> [EXERCISE BRIEF] Copy out the data below from the line containing "Смеситель для ванны" to the line containing "FANUC A05B-2696-J343 Waterproof", both lines included, with all images left out.

> [INPUT FOR THIS TASK]
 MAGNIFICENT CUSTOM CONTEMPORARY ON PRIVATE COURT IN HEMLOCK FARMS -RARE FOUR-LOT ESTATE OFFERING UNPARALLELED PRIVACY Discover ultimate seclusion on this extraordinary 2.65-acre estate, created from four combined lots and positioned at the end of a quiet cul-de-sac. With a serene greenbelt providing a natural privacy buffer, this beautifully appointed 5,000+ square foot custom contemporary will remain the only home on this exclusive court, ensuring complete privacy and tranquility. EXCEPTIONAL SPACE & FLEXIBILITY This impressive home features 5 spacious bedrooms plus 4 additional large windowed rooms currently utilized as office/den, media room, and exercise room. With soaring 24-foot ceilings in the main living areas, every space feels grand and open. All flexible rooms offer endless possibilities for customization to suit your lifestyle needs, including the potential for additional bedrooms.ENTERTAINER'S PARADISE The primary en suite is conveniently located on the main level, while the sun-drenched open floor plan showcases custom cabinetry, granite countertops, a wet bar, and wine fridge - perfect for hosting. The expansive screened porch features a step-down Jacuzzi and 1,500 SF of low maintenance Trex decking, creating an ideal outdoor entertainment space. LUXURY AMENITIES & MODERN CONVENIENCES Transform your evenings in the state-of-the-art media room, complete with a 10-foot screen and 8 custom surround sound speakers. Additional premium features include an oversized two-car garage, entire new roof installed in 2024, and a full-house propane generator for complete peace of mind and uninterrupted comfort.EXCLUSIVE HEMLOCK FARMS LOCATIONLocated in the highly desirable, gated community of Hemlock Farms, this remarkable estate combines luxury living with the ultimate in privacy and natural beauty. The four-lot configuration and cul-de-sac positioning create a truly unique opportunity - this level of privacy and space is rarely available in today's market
...
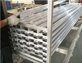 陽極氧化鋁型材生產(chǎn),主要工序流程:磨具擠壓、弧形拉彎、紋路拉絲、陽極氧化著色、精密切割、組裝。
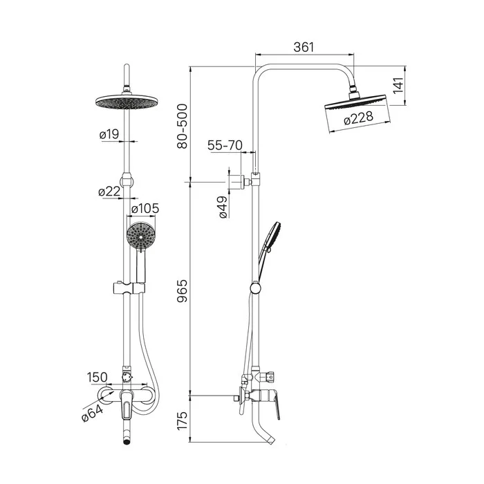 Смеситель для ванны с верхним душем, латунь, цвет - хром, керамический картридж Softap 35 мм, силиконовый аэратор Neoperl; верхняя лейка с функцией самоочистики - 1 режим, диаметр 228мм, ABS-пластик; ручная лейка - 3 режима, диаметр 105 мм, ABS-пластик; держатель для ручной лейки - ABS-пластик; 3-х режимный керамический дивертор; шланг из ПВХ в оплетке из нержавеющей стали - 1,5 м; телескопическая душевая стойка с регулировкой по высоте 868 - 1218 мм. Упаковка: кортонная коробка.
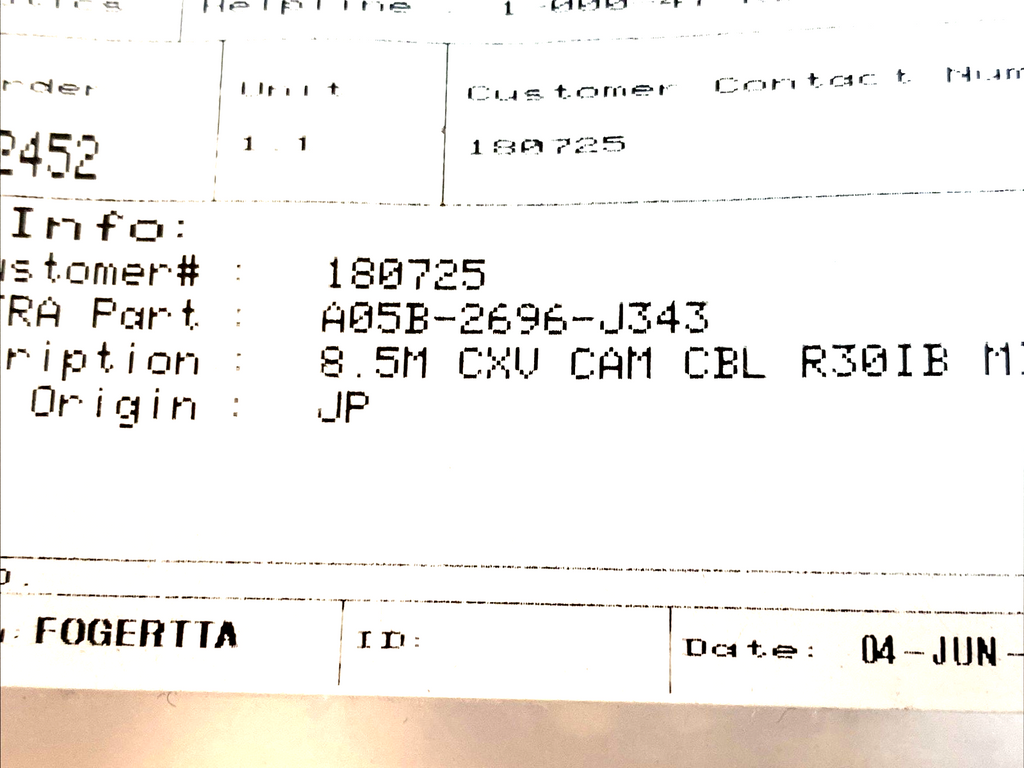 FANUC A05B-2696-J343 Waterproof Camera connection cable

> [FINISHED EXERCISE]
 Смеситель для ванны с верхним душем, латунь, цвет - хром, керамический картридж Softap 35 мм, силиконовый аэратор Neoperl; верхняя лейка с функцией самоочистики - 1 режим, диаметр 228мм, ABS-пластик; ручная лейка - 3 режима, диаметр 105 мм, ABS-пластик; держатель для ручной лейки - ABS-пластик; 3-х режимный керамический дивертор; шланг из ПВХ в оплетке из нержавеющей стали - 1,5 м; телескопическая душевая стойка с регулировкой по высоте 868 - 1218 мм. Упаковка: кортонная коробка.
 FANUC A05B-2696-J343 Waterproof Camera connection cable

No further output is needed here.